Sklearn for text categorization __ algorithm

Source: Internet
Author: User
Tags benchmark pprint

Text mining paper did not find a unified benchmark, had to run the program, passing through the predecessors if you know 20newsgroups or other useful common data set classification (preferably all class classification results, All or take part of the characteristics do not care about the trouble message to inform the benchmark now, Wan Xie.

Well, say the text. 20newsgroups 3 data sets are available on the website, where we use the most primitive 20news-19997.tar.gz.

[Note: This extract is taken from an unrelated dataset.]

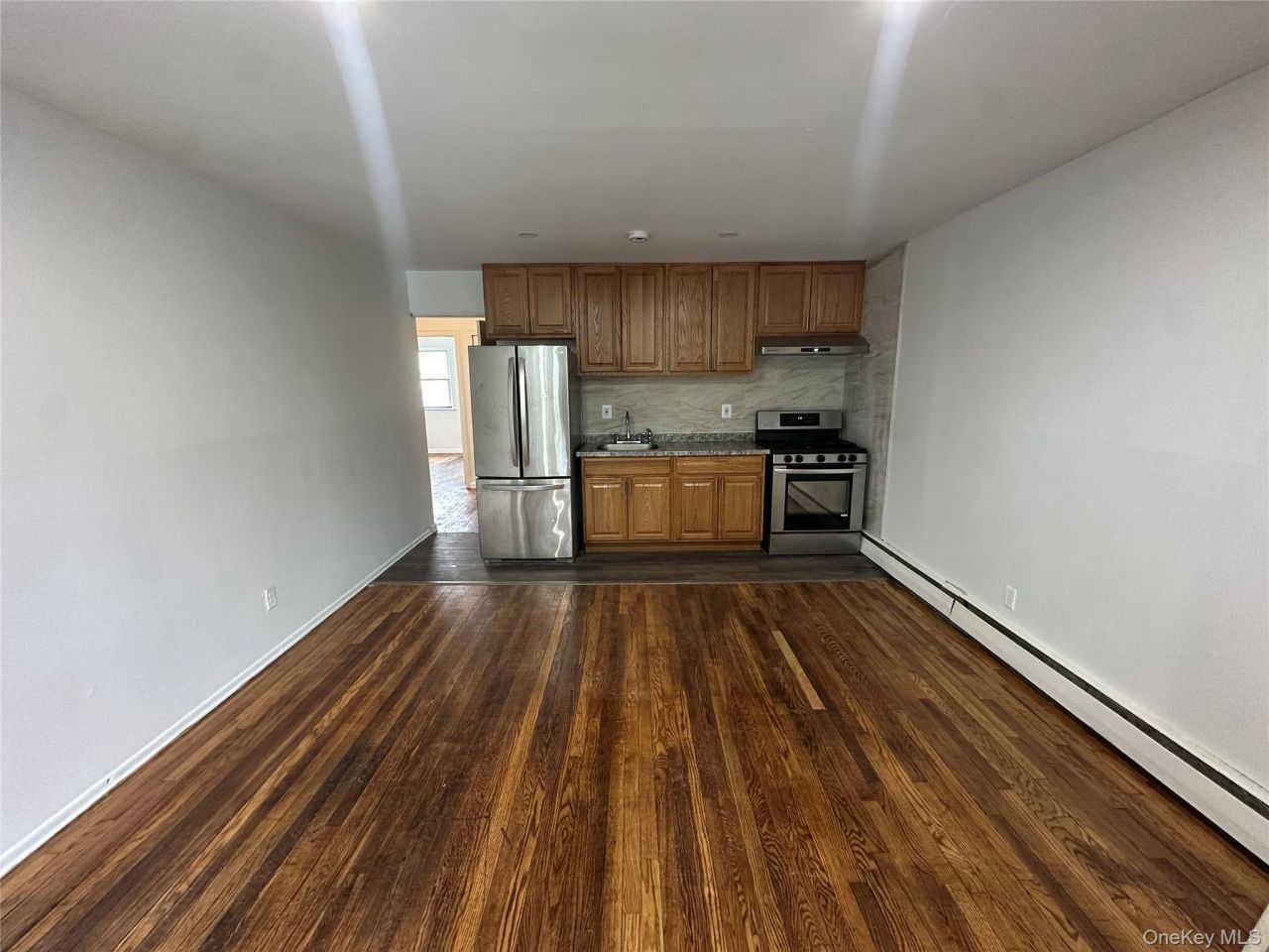 Updated first-floor rental unit located in West Hempstead, bordering Garden City. This residence features four bedrooms and one full bathroom. The interior includes a renovated kitchen equipped with wood cabinetry and stainless steel appliances, including a double-door refrigerator, gas range, and built-in microwave.Hardwood flooring is present throughout the living area and all bedrooms. The bathroom is modernized with contemporary tiling and updated fixtures. Large windows and recessed lighting provide ample natural and overhead light.These images have been virtually staged to enhance prospective.

is divided into the following processes:

Loading data collection feature classification Naive Bayes KNN SVM Clustering Description: scipy official online has a reference, but look a bit messy, and there are bugs. In this article, we divided the block to see.
Environment:python 2.7 + scipy (Scikit-learn)
1. Loading data sets
Download data set from 20news-19997.tar.gz, unzip to Scikit_learn_data folder, load data, see code comment.[Python]View Plain Copy #first extract the News_group dataset To/scikit_learn_data from sklearn.datasets import fetch_20n Ewsgroups #all Categories #newsgroup_train = fetch_20newsgroups (subset= ' train ') #part categories categories = [' Co Mp.graphics ', ' comp.os.ms-windows.misc ', ' comp.sys.ibm.pc.hardware ', ' comp.sys.mac.hardware ', ' comp.windows.x '   ]; Newsgroup_train = fetch_20newsgroups (subset = ' train ', categories = categories);

Can test whether the load is good:[Python]View Plain copy #print category names from Pprint import pprint pprint (List (newsgroup_train.target_names))
Result: [' comp.graphics ',
' Comp.os.ms-windows.misc ',
' Comp.sys.ibm.pc.hardware ',
' Comp.sys.mac.hardware ',
' Comp.windows.x ']







2. Tim Feature:Just load came in Newsgroup_train is a document, we want to extract feature, that is, the word frequency ah God horse, with fit_transform
Method 1. Hashingvectorizer, specify the number of feature
[Python]  View plain  copy   #newsgroup_train. data is the original documents, but  we need to extract the    #feature  vectors inorder to  model the text data   From sklearn.feature_extraction.text import  HashingVectorizer   Vectorizer = hashingvectorizer (stop_words =  ' 中文版 ', non_negative = true,                                    n_features = 10000)    Fea_train = vectorizer.fit_transform (newsgroup_ Train.data)    fea_test = vectorizer.fit_transform (newsgroups_test.data);          #return  feature vector  ' Fea_train '  [n_samples,n_features]   print  ' SIze of fea_train: '  + repr (fea_train.shape)    print  ' Size of fea_ Train: '  + repr (fea_test.shape)    #11314  documents, 130107 vectors for  all categories   print  ' the average feature sparsity is {0:. 3f}% '. Format (   fea_train.nnz/float (fea_train.shape[0]*fea_train.shape[1)) *

Contact Us

The content source of this page is from Internet, which doesn't represent Alibaba Cloud's opinion; products and services mentioned on that page don't have any relationship with Alibaba Cloud. If the content of the page makes you feel confusing, please write us an email, we will handle the problem within 5 days after receiving your email.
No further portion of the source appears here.